Estoy estudiando un curso de budismo llamado “Eliminar el
autoengaño, despertar la compasión”, en la página electrónica www.facebuda.org Cada semana hay un tema
nuevo para que los alumnos escuchemos, reflexionemos y aprendamos. Me está
resultando muy valioso en la vida, porque me permite ver mi vida cotidiana
desde una perspectiva más compasiva, más elevada, más amorosa. Me ayuda a
quererme más a mí misma y a los demás, a todos los demás.
La religiosa que es guía y profesora en el curso, y que cada
semana comparte una plática en un video de una hora de duración acerca del tema
en turno, nos compartía la falsedad o la superficialidad de las etiquetas. Nos
explicaba, por ejemplo, que aquello que forma nuestra identidad son adjetivos
calificativos que, repetidos, terminamos por creerlos a pies juntillas. Muchos
de ellos nos los dieron en casa, otros en la escuela, en el trabajo, en las
relaciones amorosas y de amistad, y muchos otros, nos los autoasignamos.
Yo, por ejemplo, sufro con la etiqueta de indisciplinada. La
traje a mi vida cuando me di cuenta que me costaba mucho trabajo sentarme todos
los días a escribir literatura, algo que me apasiona y a lo que eventualmente
me gustaría dedicarle mucho tiempo y energía. También empecé a pensar que era
indisciplinada cuando me daba flojera levantarme por las mañanas para salir a
hacer ejercicio. Entonces dije: soy indisciplinada. Ahora me aterra cada vez
que voy a empezar un proyecto porque seguramente va a fracasar porque no tengo
la disciplina requerida para llevarlo a buen puerto o para mantenerlo a flote.

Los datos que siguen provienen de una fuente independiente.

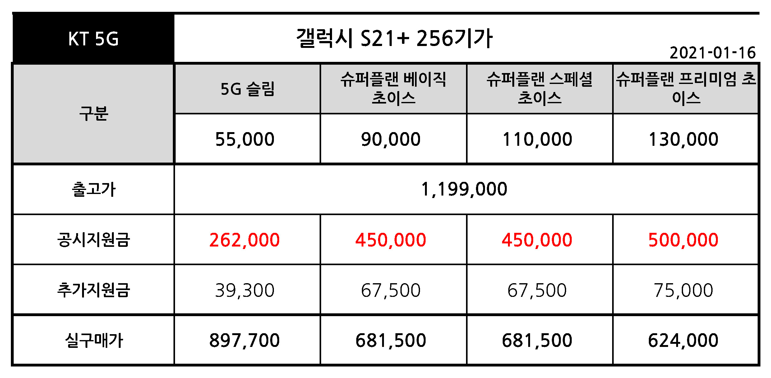 * KT 갤럭시 S21+ 256기가 공시지원금
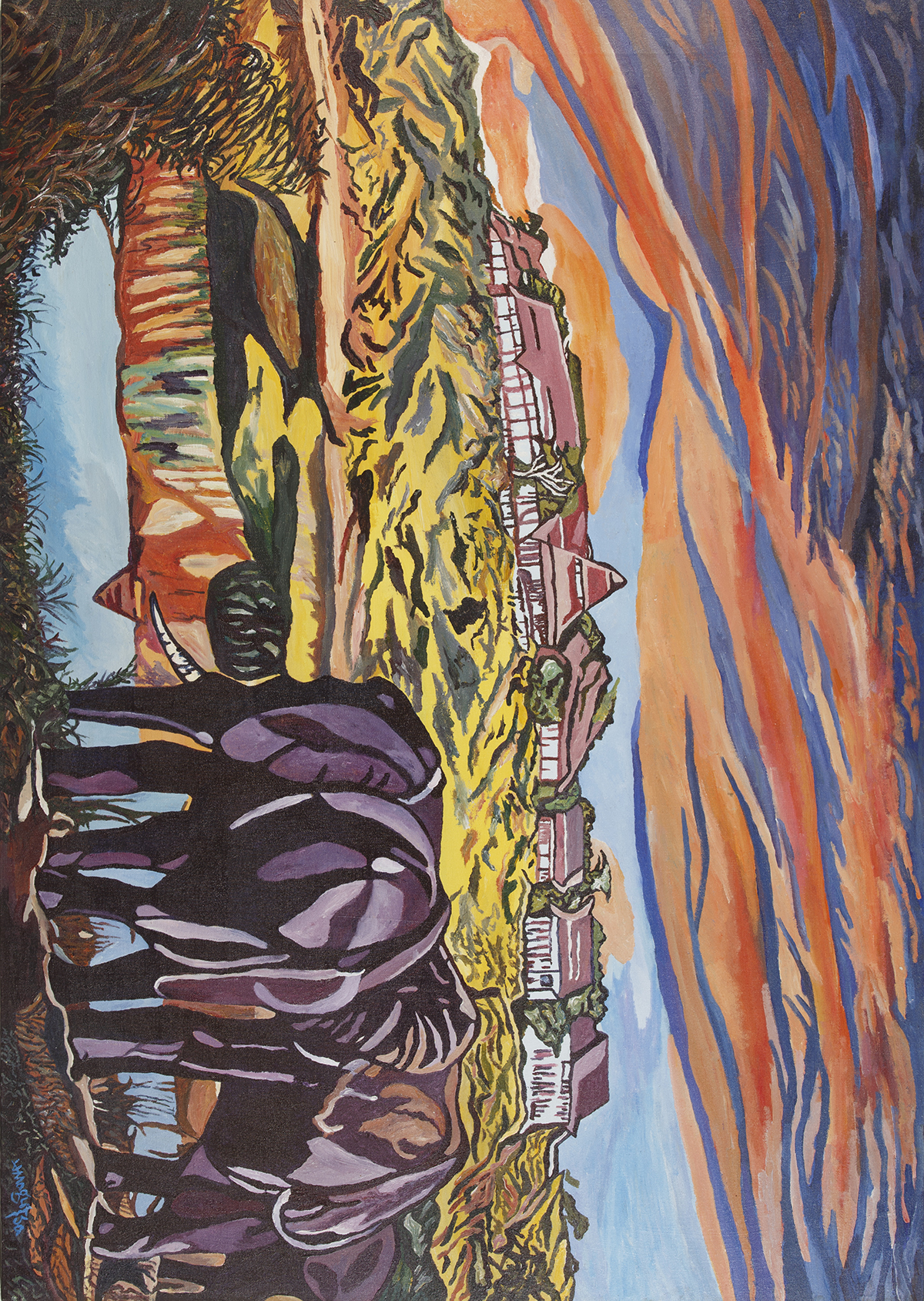 The scenic surroundings and farming activities formed part of my painting subjects. It was not easy for galleries to accept my painting style which I call , " A bridge between Realism and Abstraction ". Road side curio markets in Chinhoyi and Harare gave me the first exposure to sell my earliest artworks to tourists in 1995.

Otro ejemplo. Durante casi toda mi vida he cargado la
etiqueta de víctima. Dicho en otras palabras: de que soy insuficiente (para lo
que sea), de que no merezco cosas buenas, de que me van a dejar por otra chica,
de que van a despedirme porque no soy capaz, de que soy impotente (un ser sin poder,
así, en general, y eso que en el zodiaco soy Leo y en el horóscopo chino soy
Dragón). Y eso a su vez me ha dado la inseguridad requerida para ser celosa,
pusilánime, depresiva…
Lo que dice la monja budista Venerable Damcho, mi profesora,
es que del mismo modo en que arbitrariamente nos enjaretamos ciertas etiquetas
o adjetivos, libremente podemos asignarnos otras que nos sirvan más, que nos
hagan sentir mejor, que sean más benéficas, que nos redunden en un bien. Es
decir, a través de nuestra imaginación podemos crear quiénes somos, y eso hace
que nuestra respuesta al entorno cambie. Un ejemplo burdo: si estoy en el medio
del tráfico y empiezo a inquietarme, pienso “soy paciente” y eso me ayuda a
adoptar una mejor actitud.
Tengo un tatuaje en el antebrazo izquierdo que dice “La vida
es sueño”, título de la famosa obra de teatro de Calderón de la Barca y motivo
de reflexión para muchos filósofos, artistas e intelectuales (uno de ellos
Borges, a quien recientemente leí en un cuento del libro El Aleph declarar que
los verbos vivir y soñar son estrictamente sinónimos). Pues bien, precisamente
me lo tatué como recordatorio de esto: de que todas las creencias rígidas que
tenemos de la vida y de nosotros mismos no son más que una ilusión, un juego
mental. Y a pesar de habérmelo escrito permanentemente sobre mi piel, me
resulta difícil recordarlo. Pero haber escuchado a esta líder espiritual
neoyorquina hablar sobre la posibilidad de cambiar nuestra percepción de
nosotros mismos y por lo tanto, nuestras acciones, a través del cambio de
etiquetas por unas mejores, más sabias y más reconfortantes, me dio mucho
alivio y mucha esperanza. Y quise compartirlo con ustedes.